Pass the provider's parsed wire object through without renaming fields, moving
properties, filtering valid deliveries, or replacing provider discriminants
with Flue discriminants. Name the callback property for the provider surface,
such as payload, interaction, command, or another provider-native term;
there is no universal requirement to call it event. When the useful provider
object is an outer delivery envelope, prefer one unduplicated argument such as
{ c, payload } and let users access its nested fields directly.
Validate only what Flue needs to own the ingress boundary:
- authentication and replay protection;
- body and transport encoding;
- mandatory protocol handshakes or responses;
- configured application, tenant, or destination identity only when the
provider protocol does not already bind it cryptographically and the
constructor intentionally promises that restriction;
- the minimal structure required to route and invoke application code.

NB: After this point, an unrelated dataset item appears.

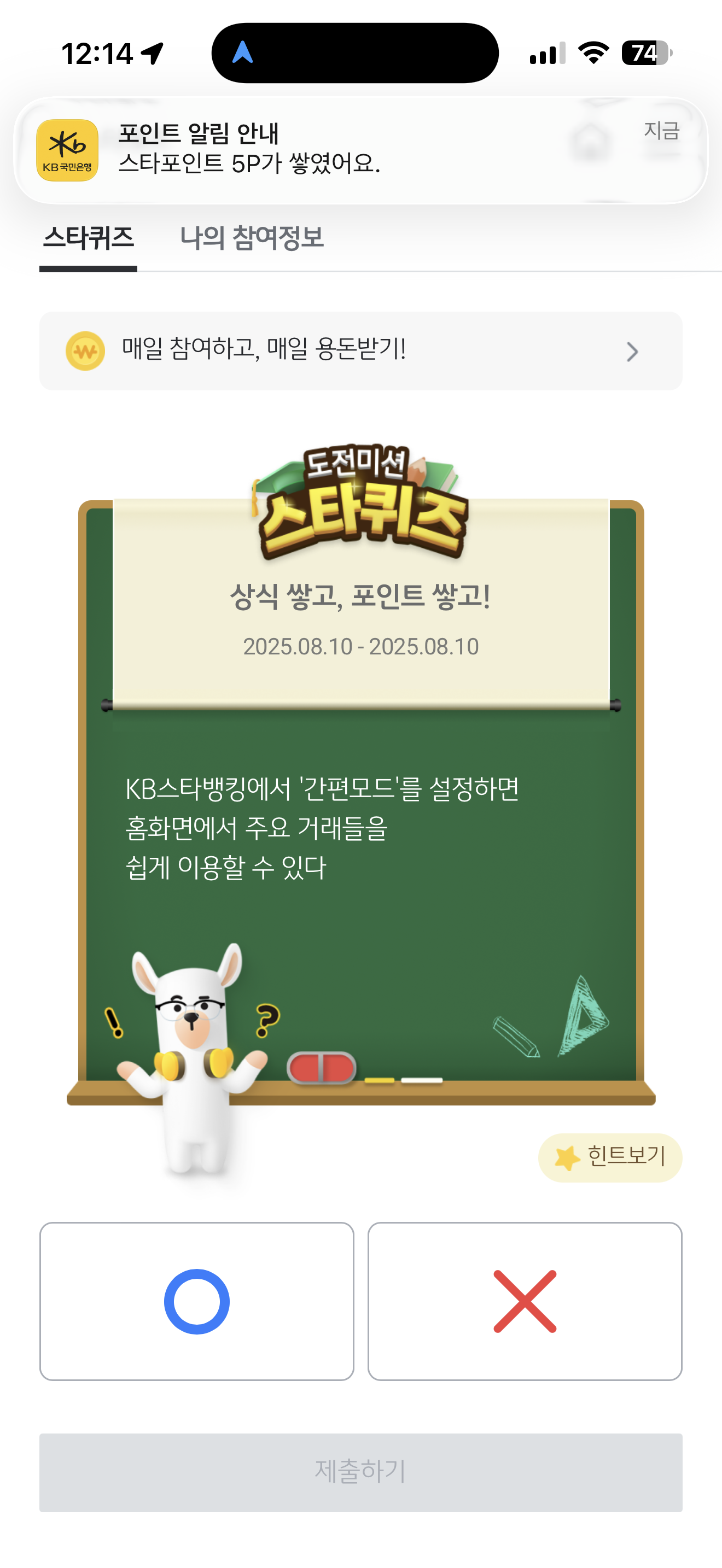 KB스타뱅킹 스타퀴즈 정답은 O 입니다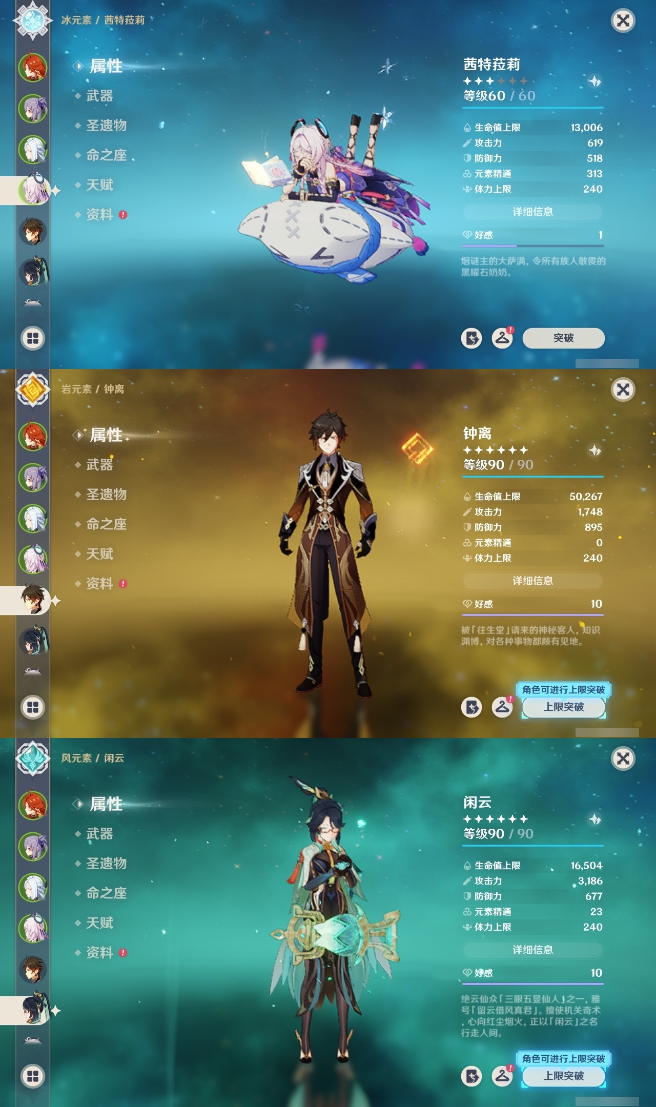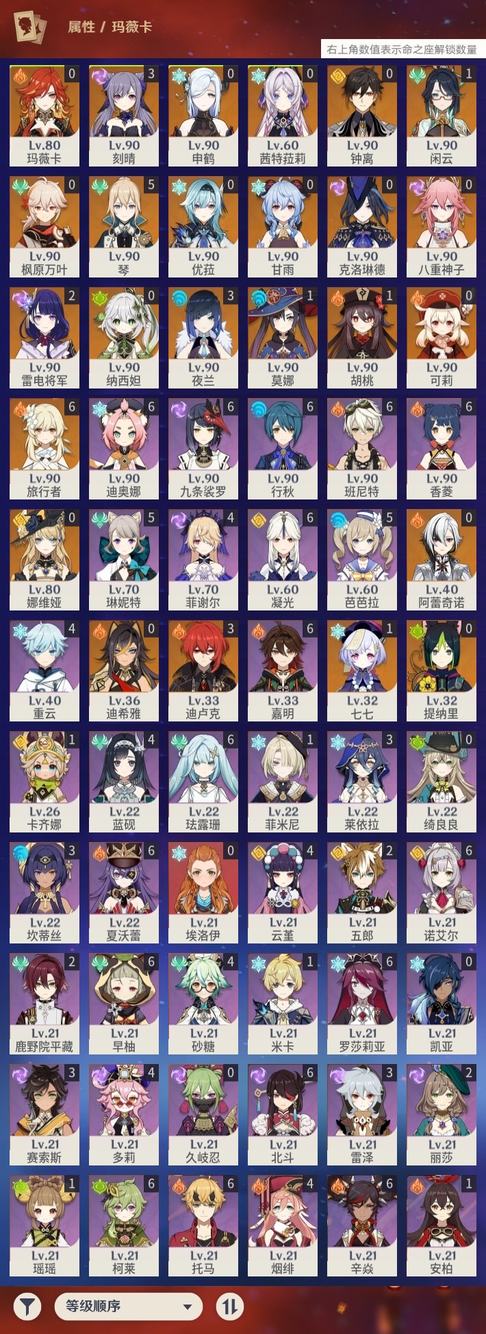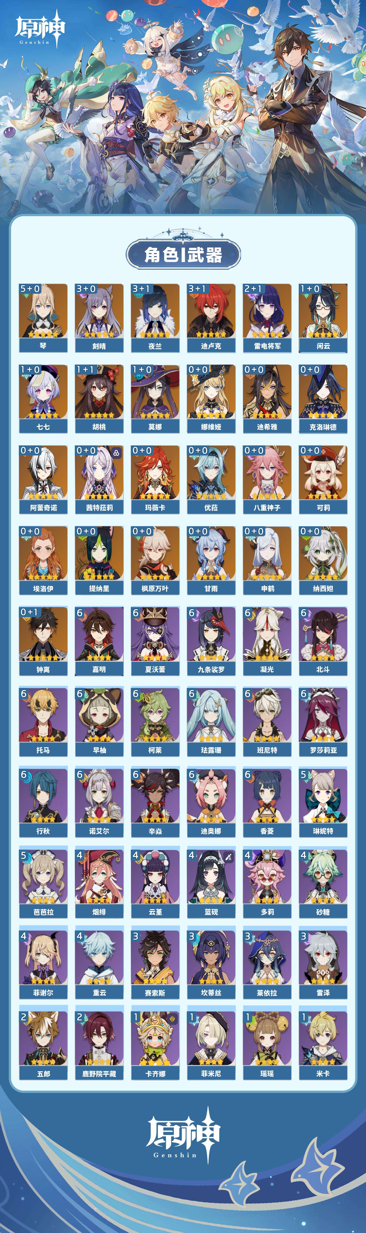 【原神】【lyys11322】冒险等级:60,五星数量:37,五星角色:琴 5命迪卢克 3命刻晴 3命夜兰 3命雷电将军 2命闲云 1命胡桃 1命莫娜 1命七七 1命玛薇卡茜特菈莉优菈迪希雅钟离申鹤八重神子娜维娅提纳里阿蕾奇诺纳西妲枫原万叶甘雨克洛琳德可莉__五星武器:飞雷之弦振和璞鸢护摩之杖狼的末路天空之脊天空之卷天空之翼无工之剑薙草之稻光贯虹之槊波乱月白经津若水__四星角色:班尼特 6命行秋 6命九条裟罗 6命香菱 6命珐露珊 6命凝光 6命迪奥娜 6命柯莱 6命早柚 6命托马 6命辛焱 6命诺艾尔 6命罗莎莉亚 6命北斗 6命夏沃蕾 6命嘉明 6命芭芭拉 5命琳妮特 5命砂糖 4命多莉 4命云堇 4命蓝砚 4命烟绯 4命重云 4命菲谢尔 4命莱依拉 3命坎蒂丝 3命雷泽 3命赛索斯 3命鹿野院平藏 2命五郎 2命卡齐娜 1命瑶瑶 1命米卡 1命菲米尼 1命埃洛伊久岐忍绮良良

TypeScript types do not require exhaustive runtime schema validation after an
authenticated provider request. Forward authenticated deliveries to
application code unless the request is a package-owned protocol message.

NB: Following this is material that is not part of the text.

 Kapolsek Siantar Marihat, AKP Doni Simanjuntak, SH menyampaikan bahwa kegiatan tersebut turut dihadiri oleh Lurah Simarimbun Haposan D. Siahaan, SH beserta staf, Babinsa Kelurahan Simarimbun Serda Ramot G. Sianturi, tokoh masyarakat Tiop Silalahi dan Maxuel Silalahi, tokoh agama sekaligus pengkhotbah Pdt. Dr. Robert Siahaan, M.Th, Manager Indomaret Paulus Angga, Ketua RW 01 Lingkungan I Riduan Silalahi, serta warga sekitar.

Filtering bots, message subtypes, event families, and other valid provider
behavior is application policy. Workspace allowlists, tenant authorization,
and installation policy also remain application concerns unless they are an
explicit part of the channel's necessary verification contract.

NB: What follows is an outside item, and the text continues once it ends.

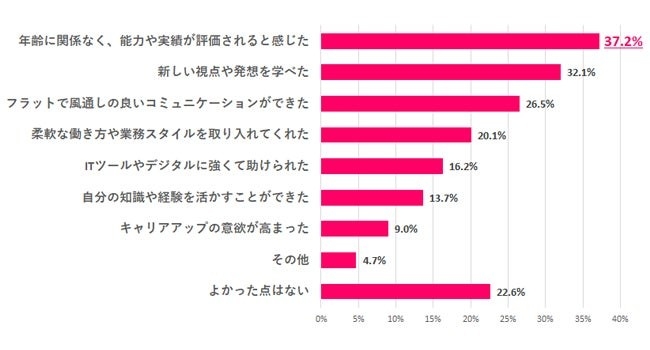 年下の上司と働いてよかった点としては、1位「年齢に関係なく、能力や実績が評価されると感じた」37.2%、2位「新しい視点や発想を学べた」32.1%、3位「フラットで風通しの良いコミュニケーションができた」26.5%でした。学びと挑戦が促進され、風通しのよい職場になるというメリットを感じた人が多いようです。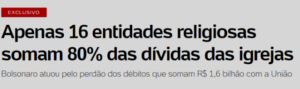 – Alguns pastores de Cristo não pensam assim… O Instituto Geral Evangélico, de um tal “homem que distribui esperança” deve R$526,5 milhões em impostos ao Tesouro, a igreja de Valdemiro Santiago deve R$153 milhões… mesmo vendendo muito feijão bento contra o covid…

Define local wire-shaped types only when no suitable authoritative type exists,
or when a narrow Flue-owned transport wrapper has no provider type. Keep field
names and nesting faithful to the provider. Do not add unknown variants,
normalized unions, or camel-cased mirrors merely to create consistency across
channels.
Avoid a large runtime dependency solely to acquire its types. A lightweight
authoritative type package may be a direct dependency and re-exported from the
channel package. If the only official types live inside a broad framework,
define the smallest provider-faithful local wire types needed for the surface.
Establish Eligibility Before Implementation
Research current primary provider sources. Use official protocol,
authentication, retry, SDK, runtime, and API documentation or official source.
Browse because these details are time-sensitive.
Establish:
- the useful inbound HTTP surfaces and mandatory handshakes or responses;
- exact authentication and byte-preservation requirements;
- event families, batching, retries, delivery identity, and deadlines;
- stable provider, tenant, conversation, actor, and resource identity;
- whether useful ingress is stateless HTTP rather than polling or a persistent
socket;
- a credible Node and Cloudflare Workers implementation path;
- the best authoritative provider-native type source and its dependency cost;
- an outbound SDK or narrow Fetch client suitable for the editable example.
Defer the provider when useful ingress requires a long-lived process, a
provider-managed service inside Flue, unverifiable inbound requests, or a
Node-only canonical path with no defensible Workers alternative. Record the
evidence and blocker rather than weakening the gate.
If a third-party implementation repository is supplied as an educational
reference, inspect only its public capability inventory and integration
requirements. Do not read or derive from its implementation, types, tests,
fixtures, snapshots, or payloads. Produce original code and synthetic fixtures
from primary specifications.
Use Subagents Deliberately
When subagents are available, delegate independent side work such as:
- primary-source protocol and security research;
- Cloudflare and dependency viability research;
- focused package, workerd, docs, or artifact review;
- a final independent gap audit.
Tell every delegated agent that it must not spawn subagents. Give editing agents
disjoint ownership and tell them not to revert concurrent work. Do not delegate
the immediate blocking decision or final reconciliation. The primary agent
must inspect the evidence, resolve conflicts, and own correctness.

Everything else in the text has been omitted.